# Can the halting problem be solved probabilistically? [closed]

Let $$H$$ be the halting oracle, meaning that $$H$$ is a function on pairs of strings such that $$H(P,X) = 1$$ iff $$P$$ halts on $$X$$. A probabilistic program is a program that has (oracle) access to a random source. $$\def\pp{\mathbb{P}}$$

Can a probabilistic program solve the halting problem with probability more than $$1/2$$ for each input? That is, is there a probabilistic program $$G$$ such that $$\pp( \ G(P,X) = H(P,X) \ ) > 1/2$$ for every $$P,X$$? (Note that this in particular requires $$G$$ to halt with probability more than $$1/2$$.)

If $$G$$ always halts, and the random source is a fair coin, then this is impossible, because $$G$$ can only access the random source a certain number of times that is determined by the inputs (by weak Konig lemma), and so we can translate $$G$$ to an ordinary (non-probabilistic program) that solves the halting problem.

But my question is about the case where $$G$$ is not required to always halt, and the above argument fails. Also, in this case we can assume that the random source is a fair coin, since any other random source whose $$k$$-th output is a string drawn from a distribution computable from its previous outputs can be simulated using a fair coin with halting probability $$1$$.

Note that the strict bound of "$$> 1/2$$" is necessary, otherwise there is the obvious trivial solution. And note that I do not require the probability of success to be bounded away from $$1/2$$. The cases in this post do not cover my question, and I am unable to find any answer on the internet.

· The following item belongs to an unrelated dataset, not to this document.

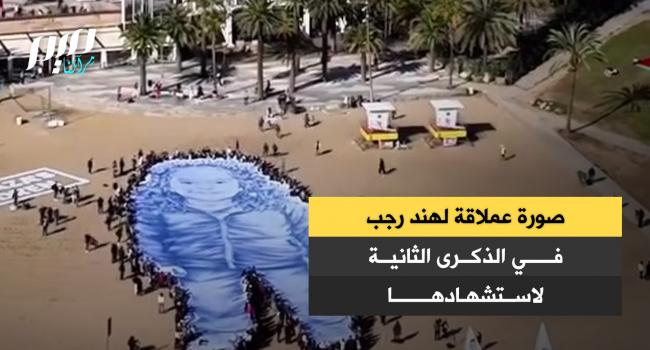 "بحضور والدتها وسام حمادة".. نشطاء يحيون الذكرى الثانية لاستشهاد الطفلة الفلسطينية هند رجب برفع صورة عملاقة لها على شاطئ سوموروسترو في مدينة برشلونة.
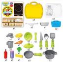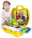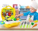 Dream kitchen play set is made of durable ABS plastic. Non-toxic, odorless, no sharp edge, safe for children. Tested to meet safety standards for toys. Advanced simulation kitchen toys, made of durable and high quality plastic and all at a reasonable rate. Toddlers and kids love to play shopping & pretend play while slicing and cooking. Shop, Slice, Cook with these vibrantly colored cutting vegetables, food, little stove top, pots, pans and utensils. This attractive and durable playset will keep your little one occupied with hours of fun play time, thus, encouraging imaginative and creative play. A great gift for your kids and they will love it! Kitchen play set for little chefs to get busy serving up meals for themselves, playmates, and family. Recommened Age 3 Year and Up. The suitcase design is light and convenient for your little one to carry along for a family outing or to a friend's place. Package Include : 1 x Storage Box, 1 x Cover Plate,1 x Knife,1 x Spoon,2 x Forks,1 x Shovel,1 x Faucet,1 x Plate, 2 x Pot Covers, 2 x Seasoning,1 x Pylon,1 x Hanging Plate, 2 x Shelves,1 x Sauce Pan,1 x Soup Pot,1 x Broccoli,1 x Carrot,1 x Corn,1 x Strip of Stickers and Other Accessories.

• By the way, I am sure the answer is "no", but I cannot prove it. Commented Oct 19, 2020 at 8:25
• Your Konig argument does not apply if you only assume your program halts with probability 1: an infinite branch of the tree can have probability 0 to happen. Commented Oct 19, 2020 at 9:48
• @Denis: That's exactly what I said in my post, in paragraphs 3 and 4. Commented Oct 19, 2020 at 9:49
• It's not what I understand from these paragraphs. You say that you can go from any random source to fair coin with halting probaility 1, but this "halting probability 1" is already outside of what you consider is a program that always halt, according to the previous paragraph. Anyway my comment was just a remark, saying that your Konig argument does not rule out a program with halting probability 1, giving a good answer with proba >1/2. Commented Oct 19, 2020 at 9:54
• I think one can still reduce regular halting problem to this; cant you just simulate the TM for “all random seeds” in parallell and you stop and give an output when one of the options reaches probability > 1/2. This does assume that the randomness is a stream of independent fair coins. Commented Oct 19, 2020 at 19:31

It is well known that any language or function computable by a probabilistic algorithm is also computable deterministically. Here, we require that with probability $$>1/2$$, the algorithm outputs the correct answer (and therefore halts), but we allow the existence of infinite runs where the algorithm uses infinitely many random bits.
Indeed, by $$\sigma$$-additivity of the probabilistic measure, for any input $$x$$, there exists $$n$$ such that with probability $$>1/2$$, the algorithm computes the right answer within $$n$$ steps. Thus, we can find the answer deterministically as follows: for $$n=1,2,3,\dots$$, we simulate the algorithm for $$n$$ steps using all possible sequences of random bits (necessarily of length $$\le n$$) to count the probability that it halts with any particular answer; sooner or later, we find an $$n$$ and an answer that’s output with probability $$>1/2$$ within $$n$$ steps, and then we declare the winner.